● Aim of the task
Exactly the lines below from the line with "[경기경제신문] 광명시청소년재단 청소년진로진학지원센터는" through the line with "Karaoke Machine for" must make up the answer, both ends included and pictures left out.

● Source information
== Segment start ==
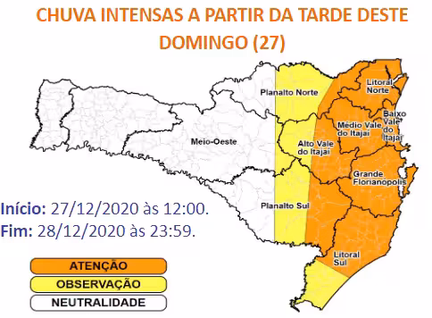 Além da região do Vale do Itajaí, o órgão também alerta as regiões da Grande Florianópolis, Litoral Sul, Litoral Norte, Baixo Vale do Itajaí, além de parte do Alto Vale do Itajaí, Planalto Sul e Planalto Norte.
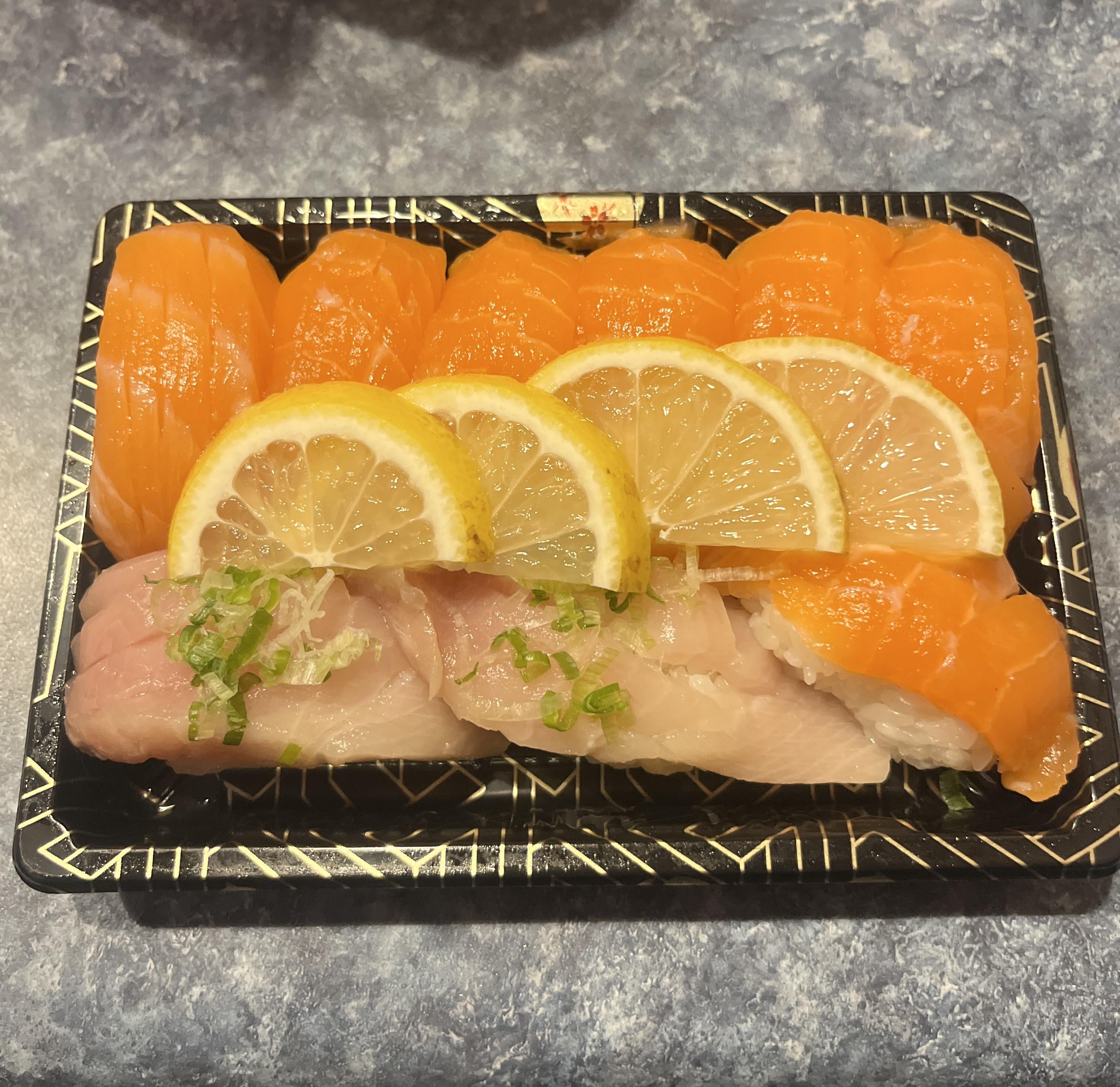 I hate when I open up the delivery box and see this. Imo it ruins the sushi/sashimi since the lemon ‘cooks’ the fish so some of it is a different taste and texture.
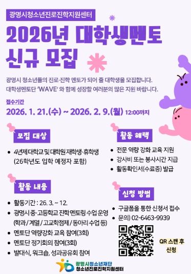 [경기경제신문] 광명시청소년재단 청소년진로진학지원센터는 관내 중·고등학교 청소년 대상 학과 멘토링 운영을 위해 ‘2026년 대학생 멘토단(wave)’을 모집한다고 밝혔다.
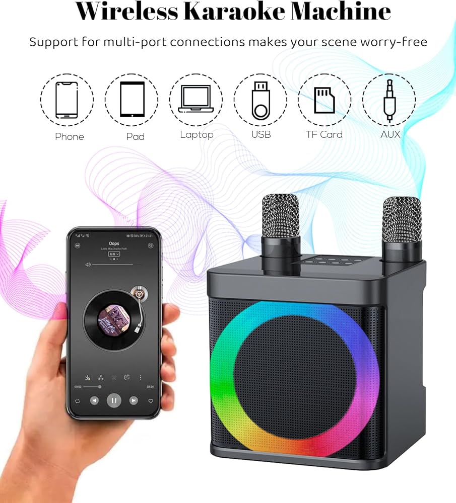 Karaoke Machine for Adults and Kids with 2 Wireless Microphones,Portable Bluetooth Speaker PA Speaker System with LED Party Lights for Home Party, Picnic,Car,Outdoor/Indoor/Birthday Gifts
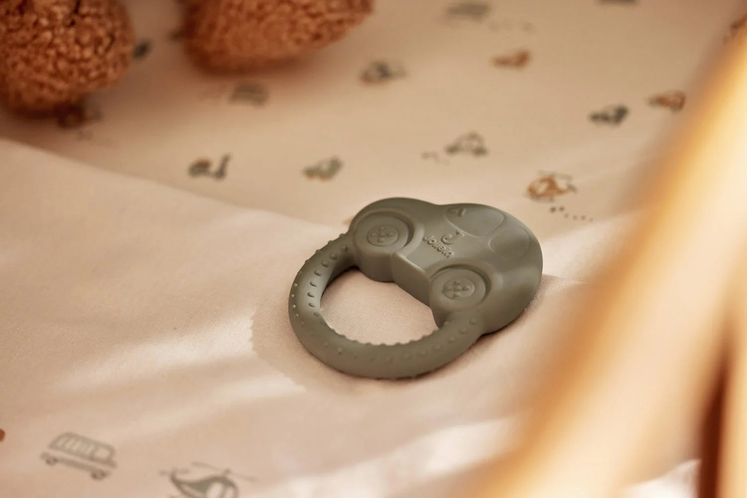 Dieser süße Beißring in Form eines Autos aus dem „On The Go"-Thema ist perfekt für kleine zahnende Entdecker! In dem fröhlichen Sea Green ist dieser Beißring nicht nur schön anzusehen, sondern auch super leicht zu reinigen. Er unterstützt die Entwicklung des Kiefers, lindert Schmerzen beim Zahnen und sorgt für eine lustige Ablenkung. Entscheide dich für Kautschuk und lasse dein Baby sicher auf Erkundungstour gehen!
== Segment end ==
● Response below
 [경기경제신문] 광명시청소년재단 청소년진로진학지원센터는 관내 중·고등학교 청소년 대상 학과 멘토링 운영을 위해 ‘2026년 대학생 멘토단(wave)’을 모집한다고 밝혔다.
 Karaoke Machine for Adults and Kids with 2 Wireless Microphones,Portable Bluetooth Speaker PA Speaker System with LED Party Lights for Home Party, Picnic,Car,Outdoor/Indoor/Birthday Gifts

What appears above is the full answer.